■ Task
Would you return the lines that run from the start of the data below to the line with "Características del producto: -Con", both included, exactly as written and without pictures?

[[ Data shown, beginning ]]

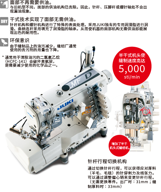 MF-7500D传承了MF-7500系列的出色功能,并配备了干式面部机构,去除了油污问题。由于缝制品不再受油污影响,去油污或重缝作业大幅减少,从而提高成品的质量。
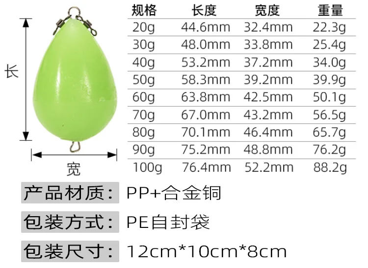 Características del producto: -Con un diseño luminoso en forma de huevo, este flotador de pesca puede lograr un buen efecto luminoso y ser perfecto para la pesca nocturna. -Este flotador de pesca se caracteriza por un diseño sólido, lo que le permite garantizar una alta estabilidad. - Diseño giratorio flexible para evitar que el hilo de pescar se enrede. -Con un peso ligero y un tamaño compacto, este flotador de pesca puede permitirle transportarlo y almacenarlo. convenientemente. -Está hecho de PP de alta calidad y material de aleación de cobre. -Hay 9 tamaños para elegir: 20g, 30g, 40g, 50g, 60g, 70g, 80g, 90g, 100g.Una variedad de especificaciones para satisfacer diversas necesidades de pesca. -Es una herramienta necesaria y práctica para el entusiasta de la pesca.
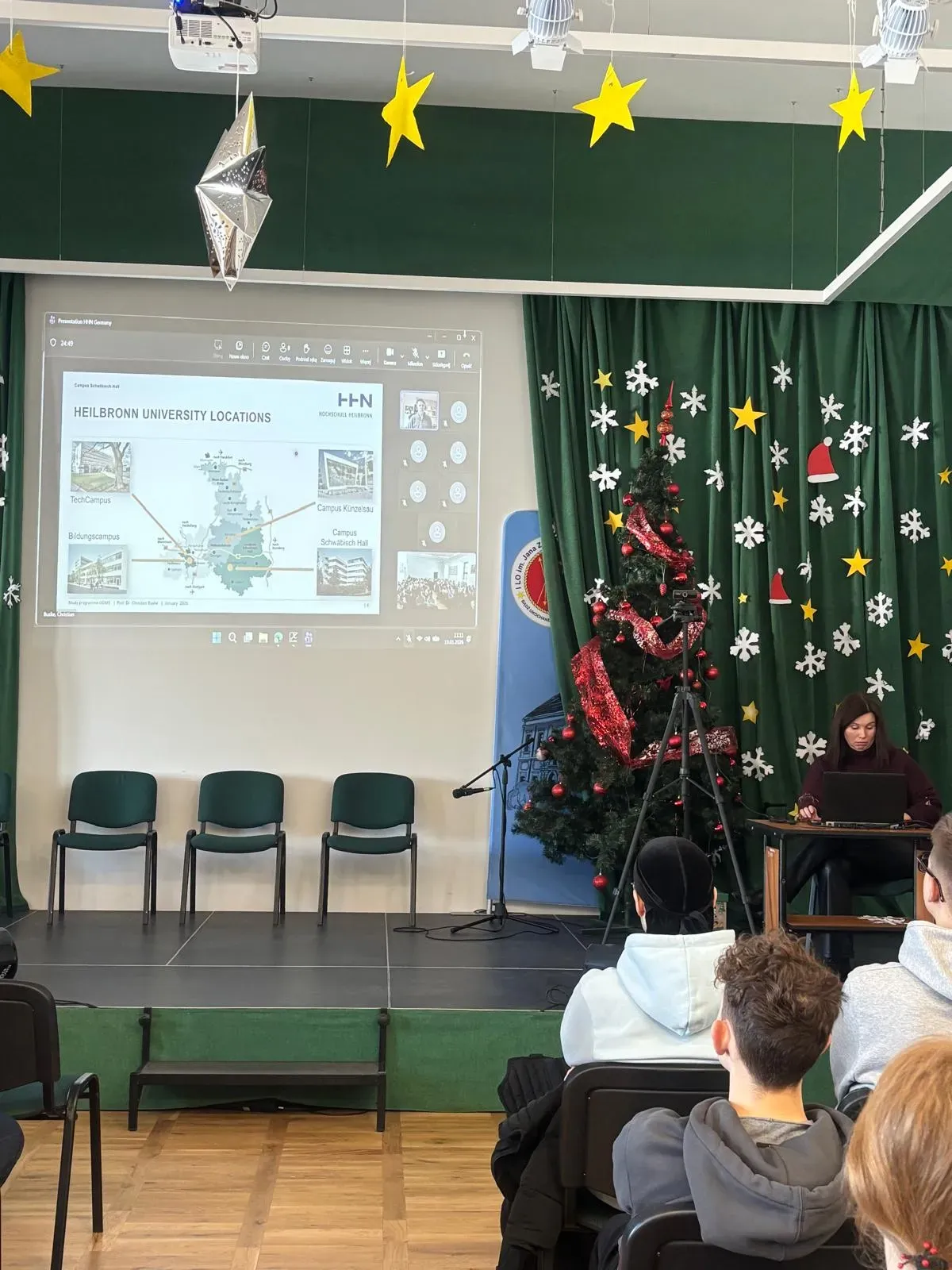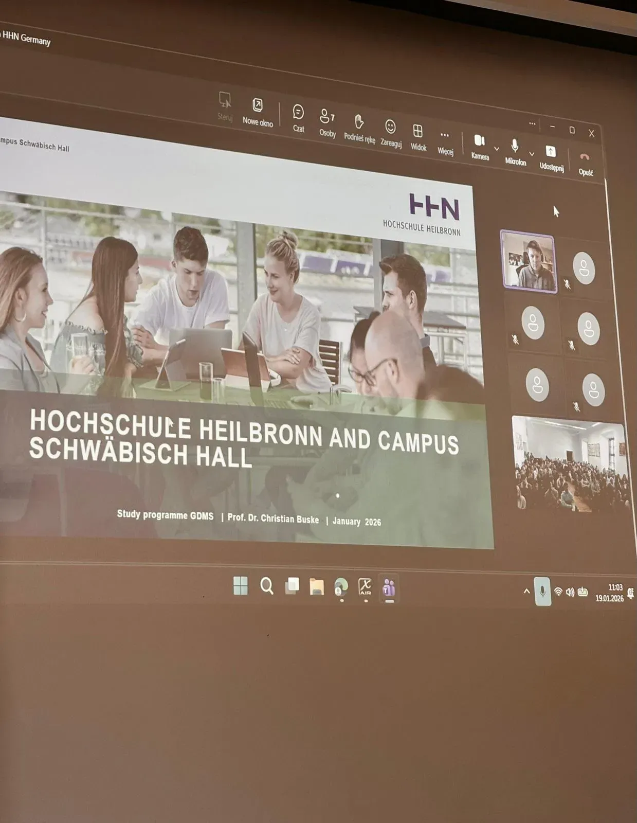 W ramach Tygodnia Odpowiedzialności, realizowanego w naszej szkole, w dniu 19 stycznia 2026r. uczniowie oraz nauczyciele uczestniczyli w międzynarodowym spotkaniu online z prof. Christianem Buske z Hochschule Heilbronn – Campus Schwäbisch Hall (Niemcy). Wydarzenie wpisało się również w działania prowadzone w ramach projektu Erasmus+, którego celem jest poszerzanie kompetencji językowych, kulturowych oraz edukacyjnych uczniów.

[[ Data shown, end ]]

■ Task solution
 MF-7500D传承了MF-7500系列的出色功能,并配备了干式面部机构,去除了油污问题。由于缝制品不再受油污影响,去油污或重缝作业大幅减少,从而提高成品的质量。
 Características del producto: -Con un diseño luminoso en forma de huevo, este flotador de pesca puede lograr un buen efecto luminoso y ser perfecto para la pesca nocturna. -Este flotador de pesca se caracteriza por un diseño sólido, lo que le permite garantizar una alta estabilidad. - Diseño giratorio flexible para evitar que el hilo de pescar se enrede. -Con un peso ligero y un tamaño compacto, este flotador de pesca puede permitirle transportarlo y almacenarlo. convenientemente. -Está hecho de PP de alta calidad y material de aleación de cobre. -Hay 9 tamaños para elegir: 20g, 30g, 40g, 50g, 60g, 70g, 80g, 90g, 100g.Una variedad de especificaciones para satisfacer diversas necesidades de pesca. -Es una herramienta necesaria y práctica para el entusiasta de la pesca.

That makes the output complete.